Open mieshkiwrk opened 2 months ago

mieshkiwrk commented 2 months ago

Description & Motivation

For below example, model is being compiled, DDPStrategy is passed to Trainer, then during fit method DDPStrategy is being applied, so forward is compiled but _pre_forward/_post_forward in DDP class is not. Due to this in DDP _pre_forward/_post_forward cpp_reducer is not being disabled later on causing problem with queueing callback. When DDP is also compiled cpp_reducer is disabled as expected.

import torch
import torch.nn as nn
import torch.nn.functional as F
from torch.utils.data import DataLoader, TensorDataset
import pytorch_lightning as pl
from pytorch_lightning.strategies import DDPStrategy
import functools
from torch._dynamo import compiled_autograd

torch._dynamo.config.optimize_ddp = "python_reducer"

class SomeModel(pl.LightningModule):
    def __init__(self):
        super().__init__()
        self.layer = nn.Linear(10, 1)

    def forward(self, x):
        return self.layer(x)

    def training_step(self, batch, batch_idx):
        x, y = batch
        return torch.mean((self(x) - y) ** 2)

    def configure_optimizers(self):
        return torch.optim.Adam(self.parameters(), lr=0.02)

def create_dataset(num_samples=1000):
    x = torch.randn(num_samples, 10)
    y = torch.sum(x, dim=1, keepdim=True)
    return TensorDataset(x, y)

def run_training():
    dataset = create_dataset()
    train_loader = DataLoader(dataset, batch_size=32)

    model = SomeModel()

    # First compile whole model
    model = torch.compile(model)

    # static_graph has to be true causing _DDPSink.backward method queueing callback
    ddp_strategy = DDPStrategy(static_graph=True)

    trainer = pl.Trainer(
            max_epochs=2,
            accelerator='cpu',
            devices=1,
            strategy=ddp_strategy
    )

    # DDP will be applied inside fit method, so DDP pre/post forward won't be compiled while forward is
    with compiled_autograd.enable(torch.compile()):
        trainer.fit(model, train_loader)

if __name__ == "__main__":
    run_training()

Expected repro:

[rank0]:     Variable._execution_engine.queue_callback(  # type: ignore[call-arg,misc]
[rank0]: RuntimeError: Final callbacks can only be installed during backward pass. 

Pitch

It seems useful to compile after applying strategy, so my suggestion is to add something like bool use_compile parameter for Trainer which would help for example in this situation, and also be cleaner to use. Looks like it should be more advanced than just bool to setup specific backend and other optional compile parameters.

Alternatives

src/lightning/pytorch/trainer/trainer.py

class Trainer:
    def _run(
        self, model: "pl.LightningModule", ckpt_path: Optional[_PATH] = None
    ) -> Optional[Union[_EVALUATE_OUTPUT, _PREDICT_OUTPUT]]:
        (...)
        # ----------------------------
        # SET UP THE TRAINER
        # ----------------------------
        (...)
        self.strategy.setup(self)
        (...)

------> ### Pseudo proposition
------> if self.use_compile
------>     self.model = torch.compile(self.model)

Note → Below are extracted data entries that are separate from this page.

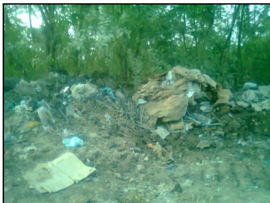
Foto 1. Botadero vía Turbana. Finca Bocao del Rey

Existen aproximadamente, otros quince (15) botaderos satélites en los que la empresa no realiza limpieza, debido a que el municipio no los entregó erradicados al momento de contratar la prestación del servicio de aseo con esta empresa".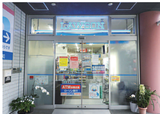
ローソンサテライト三愛病院店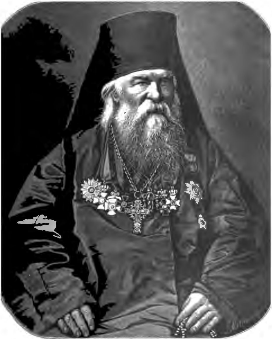
АРХИМАНДРИТЪ ИГНАТІЙ МАЛЫШЕВЪ, НАСТОЯТЕЛЬ СЕРГІЕВСКОЙ ПУСТЫНИ, СОСТАВИТЕЛЬ ПРОЕКТА ХРАМА ВОСКРЕСЕНІЯ ХРИСТОВА ВЪ С.-ПЕТЕРБУРГѢ НА МѢСТѢ СОВМѢТІЯ 1-ГО МАРТА 1881 Г.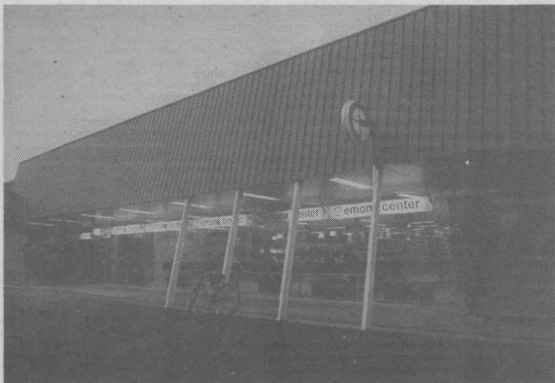
Emona center z vzhodne strani; telefonske govorilnice omogočajo krajanom boljšo povezavo z drugimi kraji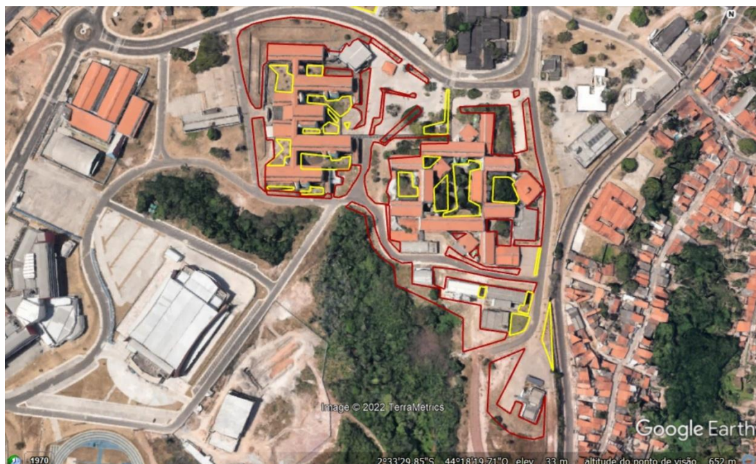
Imagem 06. Vista do Campus São Luís , PÓS-CCH-CCSO/COLUN/CCSO/Rádio/TV UFMA/SINFRA, com delimitação das áreas para serviço de manutenção de jardins gramados e bosques com vegetação arbustiva e arbórea.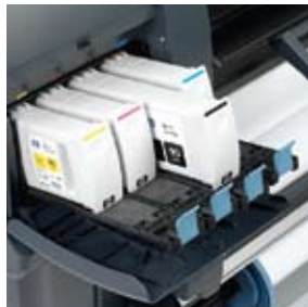
Cartucho de tinta negra HP grande

7 Comparado con cualquier impresora HP Designjet 600/700/800/1000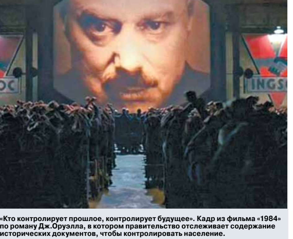
«Кто контролирует прошлое, контролирует будущее». Кадр из фильма «1984» по роману Дж.Оруэлла, в котором правительство отслеживает содержание исторических документов, чтобы контролировать население.

Он подчеркнул, что власти России осаждают от «оборонки» ощутимой отдачей по экономике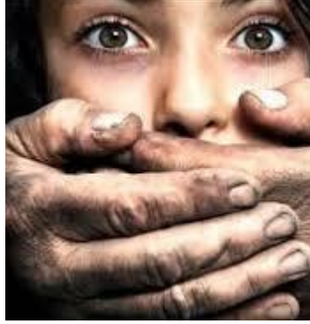
Resim 3.3: Cinsel istismar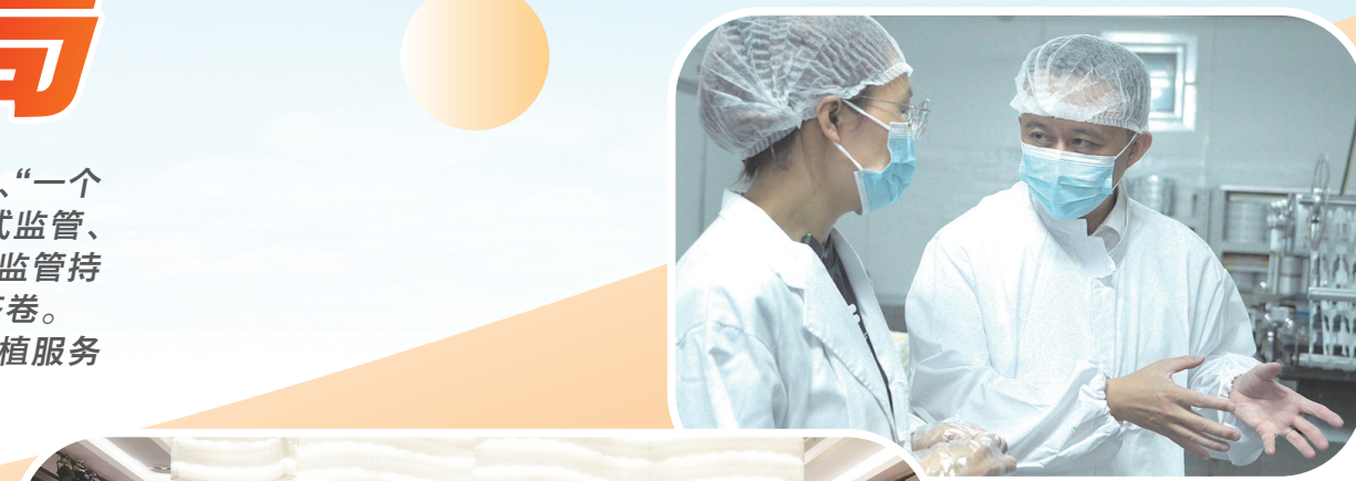
邀请国家市场监督管理总局专家深入企业开展质量帮扶。

破壁坚促服务,让营商沃土孕育蓬勃生机。企业开办全流程网办率超95%,帮助6.2万户经营主体重新申领“诚信身份证”,助力171户个体工商户转型升级为企业,指导46户个体工商户获评全国“名特优新”称号,5年内里市经营主体总量从14万户增至18.6万户,增长32.9%,企业占比从29:100提升至31:100。 严整治强监管,让市场环境更加清朗透明。“十四五”期间,累计审结行政处罚1102件,清理废除妨碍统一市场和公平竞争的政策措施161件,修改62件。严厉打击虚假宣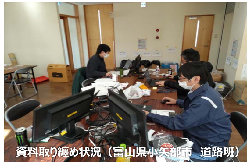
資料取り纏め状況 (富山県小矢部市 道路班)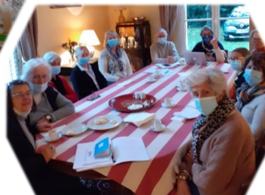
Bilan des bénévoles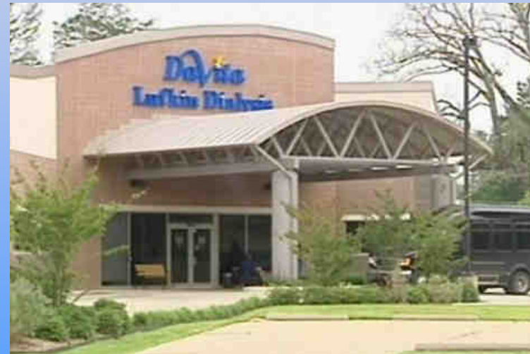
DaVita Dialysis Center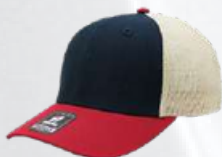
NAVY / WINE / STONE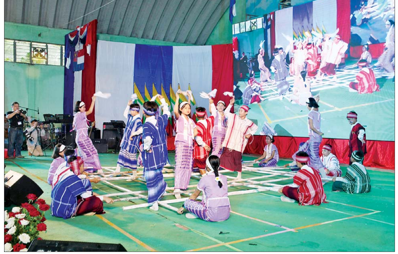
ကရင်တိုင်းရင်းသားရိုးရာ ဝါခေါင်လချည်ဖြူဖွဲ့မင်္ဂလာအခမ်းအနားတွင် ကရင်တိုင်းရင်းသားရိုးရာအကများဖြင့် ဖျော်ဖြေစဉ်။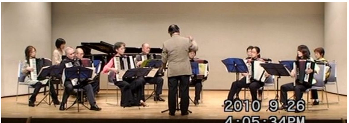
出場番号 11. 音楽センター東部教室 TONIGHTO「ウェストサイドストーリー」より 作曲：バーンスタイン 編曲：木下そんき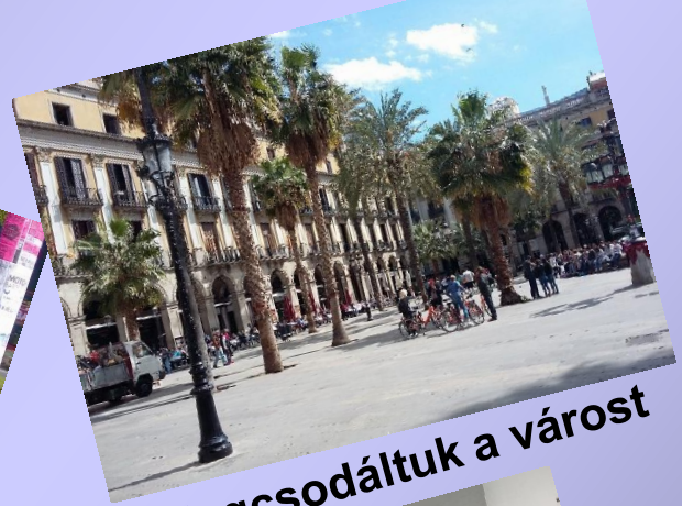
Megcsodáltuk a várost

A házigazdákon és rajtunk kívül holland, olasz, román és német diákcsoportok voltak a projekthéten.

        # ----------------------------
        # RUN THE TRAINER
        # ----------------------------
        results = self._run_stage()

        (...)

Additional context

File: torch/nn/parallel/distributed.py

class DistributedDataParallel(Module, Joinable): 
    def _should_disable_cpp_reducer(self) -> bool: 
        return self._use_python_reducer and ( 
            torch._utils.is_compiling() or self._force_to_disable_cpp_reducer 
        )

    def _pre_forward(self, *inputs, **kwargs):        
        if self._should_disable_cpp_reducer():                  
            return inputs, kwargs
        (...)

    def _post_forward(self, output): 
        if self._should_disable_cpp_reducer(): 
            return output
        (...)

Dynamo replaces output of torch._utils.is_compiling() to True when code is compiled, False otherwise.

cc @borda

mieshkiwrk commented 2 months ago

cc @jerome-habana